Plainly, utilities are usually natural monopolies, and Americans were ripped off en masse when the "Priesthood" sold so many on electric deregulation.
The corporate Trojan Horse is inside the gates, but it's not too late to drag it back out. It's just a shame that we the people, and more importantly our lawmakers, have to keep "relearning" these hard lessons.
R.I.P., Dear Molly. You saw this coming years ago, and you told us so.
Manifesto Joe Is An Underground Writer Living In Texas.
By Manifesto Joe
The late Molly Ivins once wrote something to the effect that after a service is deregulated, the result is that people often discover why it was regulated in the first place.
For 30 years, the "Priesthood of the Free Market" has been hellbent to sell Americans on the deregulation and privatization of damn near everything. Their progress has been astonishing. Even the Iraq war seems to have been about half outsourced.
After considering the deregulation of the electricity market, I am inclined to look beyond the "true believers" of the free market, and toward those whose only true belief is in maximization of profits, no matter the cost to anyone else. Remember the story of the Trojan Horse?
But the tide may finally be turning. It appears that many officials in states where electricity has been deregulated (about a third have done so) have come to similar conclusions as the late Molly.
The Sept. 21 online edition of the Fort Worth Star-Telegram reported:
Support for electric deregulation has dramatically fallen among the nation's utility regulators, with one-third in deregulated states expressing the likelihood of some sort of re-regulation, according to a new survey.
Conducted in conjunction with Standard & Poor's, the telephone survey of 96 state utility regulators also showed a plurality answering "none" when asked which states operate the most successful deregulated market. ...
Tim Morstad, an analyst with AARP-Texas ... said the poll should some as no surprise to anyone who pays a light bill in Texas. ...
"The rest of the country is figuring out what Texas consumers already know, that deregulation fails to deliver lower rates and better service," he said. ...
The survey also found that 43 percent of regulators in states with deregulation say it does not work well, and 37 percent said it does. Moreover, 54 percent of regulators in states with deregulation report that re-regulation is likely.
Texas is far from the only state where ratepayers have seen this kind of deception. This is from an article carried by The Associated Press in April:
BENTON, Ill. --This wasn't supposed to happen with deregulation. Electric bills were supposed to go down. Instead, Ellie Dorchincez can almost see the dollars evaporating every time she turns on the lights or opens the freezer at her small Farm Fresh grocery store.
Her electric bill, which used to be about $800 a month, has jumped to $1,800. ...
The cause of her distress is a common problem: the failure of deregulation to deliver its promise of lower electricity prices. In many states, it's had the opposite effect with sharply higher rates -- 72 percent in Maryland, up to 50 percent in Illinois.

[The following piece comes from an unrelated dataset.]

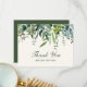 Lindo cartão de agradecimento em aquarela rústica com folhas verdes e fundo bege suave. Adicione seu próprio texto

Not one of the 16 states -- plus the District of Columbia -- that have pushed forward with deregulation since the late 1990s can call it a success. In fact, consumers in those states fared worse than residents in states that stuck with a policy of regulating their power industries.
An Associated Press analysis of federal data shows consumers in the 17 deregulated areas paid an average of 30 percent more for power in 2006 than their counterparts in regulated states. That's up from a 24 percent gap in 1990.
The idea was to move from a monopoly situation to robust competition for electric customers, with backers promising potentially lower rates in state after state. ...
But competition, especially for residential and small business customers, rarely emerged. ...
Consumer groups ... say deregulation has had a chance to prove itself. In Texas, for example, competition did develop after rate caps ended -- but the energy prices remained higher.
In Robert Kuttner's now-classic 1998 book Everything for Sale: The Virtues and Limitations of Markets, the economist wrote (p. 228):
We regulate some industries because they work more efficiently as monopolies. It would be wasteful and duplicative to have two parallel gas pipelines, two sets of telephone poles, two parallel rail lines, or two electric grids. Neither supplier could cover his costs by running at half-capacity, and both would soon have to raise prices or go out of business. Left alone, one would likely absorb the other. ...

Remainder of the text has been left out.